◆ **Provided entries**

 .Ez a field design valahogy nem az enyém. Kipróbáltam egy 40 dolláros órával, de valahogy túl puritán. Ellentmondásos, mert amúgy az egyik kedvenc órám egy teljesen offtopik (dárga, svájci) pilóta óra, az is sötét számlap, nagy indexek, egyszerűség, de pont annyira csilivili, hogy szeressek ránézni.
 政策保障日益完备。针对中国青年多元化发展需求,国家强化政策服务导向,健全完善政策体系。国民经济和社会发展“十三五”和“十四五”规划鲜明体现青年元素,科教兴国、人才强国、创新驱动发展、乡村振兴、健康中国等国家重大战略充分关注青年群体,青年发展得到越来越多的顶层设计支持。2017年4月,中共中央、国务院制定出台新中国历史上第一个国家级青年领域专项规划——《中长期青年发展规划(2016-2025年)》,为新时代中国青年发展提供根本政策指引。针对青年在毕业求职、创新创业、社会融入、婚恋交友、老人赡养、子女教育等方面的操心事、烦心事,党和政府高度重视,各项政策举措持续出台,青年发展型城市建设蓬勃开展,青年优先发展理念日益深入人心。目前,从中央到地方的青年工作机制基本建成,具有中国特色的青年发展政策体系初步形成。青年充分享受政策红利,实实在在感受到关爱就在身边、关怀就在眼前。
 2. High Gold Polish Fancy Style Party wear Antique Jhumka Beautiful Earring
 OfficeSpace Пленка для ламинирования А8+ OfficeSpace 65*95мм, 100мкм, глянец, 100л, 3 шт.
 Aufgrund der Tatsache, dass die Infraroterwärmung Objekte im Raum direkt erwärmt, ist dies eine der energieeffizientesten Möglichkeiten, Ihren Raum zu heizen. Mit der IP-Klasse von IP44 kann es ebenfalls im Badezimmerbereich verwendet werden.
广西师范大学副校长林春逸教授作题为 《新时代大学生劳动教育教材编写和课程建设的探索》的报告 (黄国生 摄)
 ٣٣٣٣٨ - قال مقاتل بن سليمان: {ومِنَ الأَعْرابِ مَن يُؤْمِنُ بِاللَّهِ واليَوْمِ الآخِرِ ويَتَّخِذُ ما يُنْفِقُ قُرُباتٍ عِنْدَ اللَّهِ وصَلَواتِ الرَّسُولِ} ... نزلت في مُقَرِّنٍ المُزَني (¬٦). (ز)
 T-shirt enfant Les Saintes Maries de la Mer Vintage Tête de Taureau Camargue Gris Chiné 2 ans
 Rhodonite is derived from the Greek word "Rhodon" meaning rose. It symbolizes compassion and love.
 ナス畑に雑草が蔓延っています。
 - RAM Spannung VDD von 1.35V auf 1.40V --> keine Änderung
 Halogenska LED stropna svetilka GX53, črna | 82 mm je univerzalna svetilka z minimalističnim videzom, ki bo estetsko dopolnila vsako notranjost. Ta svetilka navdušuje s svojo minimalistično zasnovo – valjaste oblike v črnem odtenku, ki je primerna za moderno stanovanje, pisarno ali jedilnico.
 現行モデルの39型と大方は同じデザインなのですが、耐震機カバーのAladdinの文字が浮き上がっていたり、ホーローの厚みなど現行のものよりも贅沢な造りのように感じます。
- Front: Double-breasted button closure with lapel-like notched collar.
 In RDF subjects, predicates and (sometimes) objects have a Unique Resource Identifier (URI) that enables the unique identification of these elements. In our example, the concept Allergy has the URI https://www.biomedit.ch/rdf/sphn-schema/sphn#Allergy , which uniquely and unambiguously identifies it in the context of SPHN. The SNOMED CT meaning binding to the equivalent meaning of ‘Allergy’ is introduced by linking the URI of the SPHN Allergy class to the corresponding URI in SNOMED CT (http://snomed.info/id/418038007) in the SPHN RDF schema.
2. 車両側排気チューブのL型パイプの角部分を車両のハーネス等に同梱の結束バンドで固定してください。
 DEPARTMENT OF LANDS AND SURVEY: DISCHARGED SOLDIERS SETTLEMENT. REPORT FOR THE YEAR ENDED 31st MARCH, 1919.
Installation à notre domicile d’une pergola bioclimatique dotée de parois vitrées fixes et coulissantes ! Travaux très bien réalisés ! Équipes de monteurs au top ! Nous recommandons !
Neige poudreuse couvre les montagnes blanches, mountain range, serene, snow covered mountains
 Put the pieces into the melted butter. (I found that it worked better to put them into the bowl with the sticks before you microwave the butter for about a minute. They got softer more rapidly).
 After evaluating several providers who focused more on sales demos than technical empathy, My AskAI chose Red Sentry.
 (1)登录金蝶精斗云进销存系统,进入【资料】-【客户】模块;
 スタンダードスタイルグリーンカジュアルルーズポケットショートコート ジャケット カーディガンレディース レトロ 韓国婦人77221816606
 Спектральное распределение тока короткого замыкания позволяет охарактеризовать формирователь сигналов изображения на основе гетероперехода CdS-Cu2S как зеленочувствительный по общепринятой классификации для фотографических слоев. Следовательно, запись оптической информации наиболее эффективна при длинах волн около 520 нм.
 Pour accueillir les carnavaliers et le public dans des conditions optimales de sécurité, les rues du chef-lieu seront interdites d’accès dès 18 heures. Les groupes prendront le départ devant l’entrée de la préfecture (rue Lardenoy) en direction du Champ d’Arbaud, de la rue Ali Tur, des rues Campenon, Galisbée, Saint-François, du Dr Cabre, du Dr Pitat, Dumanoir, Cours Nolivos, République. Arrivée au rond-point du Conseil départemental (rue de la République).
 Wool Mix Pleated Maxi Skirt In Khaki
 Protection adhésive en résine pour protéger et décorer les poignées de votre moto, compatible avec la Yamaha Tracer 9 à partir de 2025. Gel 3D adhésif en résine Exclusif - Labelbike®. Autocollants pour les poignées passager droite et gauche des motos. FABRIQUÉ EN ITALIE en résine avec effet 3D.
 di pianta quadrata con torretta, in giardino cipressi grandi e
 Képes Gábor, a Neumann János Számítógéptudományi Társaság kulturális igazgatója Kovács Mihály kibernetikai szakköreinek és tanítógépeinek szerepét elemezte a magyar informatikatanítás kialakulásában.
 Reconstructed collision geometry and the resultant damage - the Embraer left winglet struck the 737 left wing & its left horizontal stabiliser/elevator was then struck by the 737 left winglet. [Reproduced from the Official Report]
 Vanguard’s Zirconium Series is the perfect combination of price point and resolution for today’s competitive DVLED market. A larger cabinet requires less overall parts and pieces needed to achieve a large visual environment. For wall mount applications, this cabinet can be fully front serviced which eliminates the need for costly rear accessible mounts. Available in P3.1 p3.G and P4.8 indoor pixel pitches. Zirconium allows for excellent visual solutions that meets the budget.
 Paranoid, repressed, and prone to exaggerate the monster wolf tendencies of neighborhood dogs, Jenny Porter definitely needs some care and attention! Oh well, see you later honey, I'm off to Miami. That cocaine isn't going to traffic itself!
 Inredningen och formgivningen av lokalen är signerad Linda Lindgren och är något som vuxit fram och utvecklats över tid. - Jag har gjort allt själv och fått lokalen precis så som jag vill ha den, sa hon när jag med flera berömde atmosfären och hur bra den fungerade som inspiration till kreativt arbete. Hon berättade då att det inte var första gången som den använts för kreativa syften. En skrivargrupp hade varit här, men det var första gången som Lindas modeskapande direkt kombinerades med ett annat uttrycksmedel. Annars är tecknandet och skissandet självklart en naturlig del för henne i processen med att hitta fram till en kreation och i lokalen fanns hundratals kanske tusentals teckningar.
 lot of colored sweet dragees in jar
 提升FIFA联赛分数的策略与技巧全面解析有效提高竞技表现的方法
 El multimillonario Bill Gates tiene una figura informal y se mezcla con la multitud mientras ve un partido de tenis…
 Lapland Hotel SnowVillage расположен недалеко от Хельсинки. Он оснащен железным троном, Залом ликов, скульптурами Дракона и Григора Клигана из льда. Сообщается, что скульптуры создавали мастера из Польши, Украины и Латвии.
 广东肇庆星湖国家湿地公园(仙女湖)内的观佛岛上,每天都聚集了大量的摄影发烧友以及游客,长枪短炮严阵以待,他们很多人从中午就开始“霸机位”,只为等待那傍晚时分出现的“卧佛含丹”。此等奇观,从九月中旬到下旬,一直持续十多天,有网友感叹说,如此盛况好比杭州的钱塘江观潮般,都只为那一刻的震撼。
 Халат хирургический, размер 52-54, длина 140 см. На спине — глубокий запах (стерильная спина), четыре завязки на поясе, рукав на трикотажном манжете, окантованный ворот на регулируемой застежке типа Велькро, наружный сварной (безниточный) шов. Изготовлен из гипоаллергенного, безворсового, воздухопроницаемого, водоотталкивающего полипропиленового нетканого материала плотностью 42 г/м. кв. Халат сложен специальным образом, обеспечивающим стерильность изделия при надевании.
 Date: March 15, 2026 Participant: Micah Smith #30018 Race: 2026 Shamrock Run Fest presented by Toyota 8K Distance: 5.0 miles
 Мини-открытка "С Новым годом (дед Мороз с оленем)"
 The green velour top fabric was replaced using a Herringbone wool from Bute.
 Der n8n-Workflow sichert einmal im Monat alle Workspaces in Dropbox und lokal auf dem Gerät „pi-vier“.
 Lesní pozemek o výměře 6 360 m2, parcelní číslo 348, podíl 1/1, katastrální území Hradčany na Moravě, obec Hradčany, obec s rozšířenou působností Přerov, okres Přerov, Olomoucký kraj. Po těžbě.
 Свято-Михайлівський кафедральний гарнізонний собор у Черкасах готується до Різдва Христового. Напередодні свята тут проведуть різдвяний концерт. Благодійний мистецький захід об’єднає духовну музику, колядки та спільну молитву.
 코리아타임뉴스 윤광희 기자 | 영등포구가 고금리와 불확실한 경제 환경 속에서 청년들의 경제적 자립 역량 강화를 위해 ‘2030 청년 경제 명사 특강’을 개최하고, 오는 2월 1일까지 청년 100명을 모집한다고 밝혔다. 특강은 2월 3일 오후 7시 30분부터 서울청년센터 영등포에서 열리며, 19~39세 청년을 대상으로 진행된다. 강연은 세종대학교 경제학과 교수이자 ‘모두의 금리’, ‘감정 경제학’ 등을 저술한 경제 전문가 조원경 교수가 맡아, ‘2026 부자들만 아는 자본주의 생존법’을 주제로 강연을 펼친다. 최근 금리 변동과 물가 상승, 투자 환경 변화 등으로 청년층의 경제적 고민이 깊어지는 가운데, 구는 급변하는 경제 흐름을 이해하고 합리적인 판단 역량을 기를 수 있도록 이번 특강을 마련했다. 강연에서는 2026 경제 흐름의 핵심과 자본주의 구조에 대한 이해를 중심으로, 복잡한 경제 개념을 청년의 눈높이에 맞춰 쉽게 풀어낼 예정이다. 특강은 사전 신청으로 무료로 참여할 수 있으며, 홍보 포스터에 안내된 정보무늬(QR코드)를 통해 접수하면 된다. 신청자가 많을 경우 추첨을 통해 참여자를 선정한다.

◆ **Exercise instructions**
The response should hold exactly the lines starting at the line with "ナス畑に雑草が蔓延っています。" and ending at the line with "DEPARTMENT OF LANDS", and no other line of the material above.

◆ **Reply to the task**
 ナス畑に雑草が蔓延っています。
 - RAM Spannung VDD von 1.35V auf 1.40V --> keine Änderung
 Halogenska LED stropna svetilka GX53, črna | 82 mm je univerzalna svetilka z minimalističnim videzom, ki bo estetsko dopolnila vsako notranjost. Ta svetilka navdušuje s svojo minimalistično zasnovo – valjaste oblike v črnem odtenku, ki je primerna za moderno stanovanje, pisarno ali jedilnico.
 現行モデルの39型と大方は同じデザインなのですが、耐震機カバーのAladdinの文字が浮き上がっていたり、ホーローの厚みなど現行のものよりも贅沢な造りのように感じます。
- Front: Double-breasted button closure with lapel-like notched collar.
 In RDF subjects, predicates and (sometimes) objects have a Unique Resource Identifier (URI) that enables the unique identification of these elements. In our example, the concept Allergy has the URI https://www.biomedit.ch/rdf/sphn-schema/sphn#Allergy , which uniquely and unambiguously identifies it in the context of SPHN. The SNOMED CT meaning binding to the equivalent meaning of ‘Allergy’ is introduced by linking the URI of the SPHN Allergy class to the corresponding URI in SNOMED CT (http://snomed.info/id/418038007) in the SPHN RDF schema.
2. 車両側排気チューブのL型パイプの角部分を車両のハーネス等に同梱の結束バンドで固定してください。
 DEPARTMENT OF LANDS AND SURVEY: DISCHARGED SOLDIERS SETTLEMENT. REPORT FOR THE YEAR ENDED 31st MARCH, 1919.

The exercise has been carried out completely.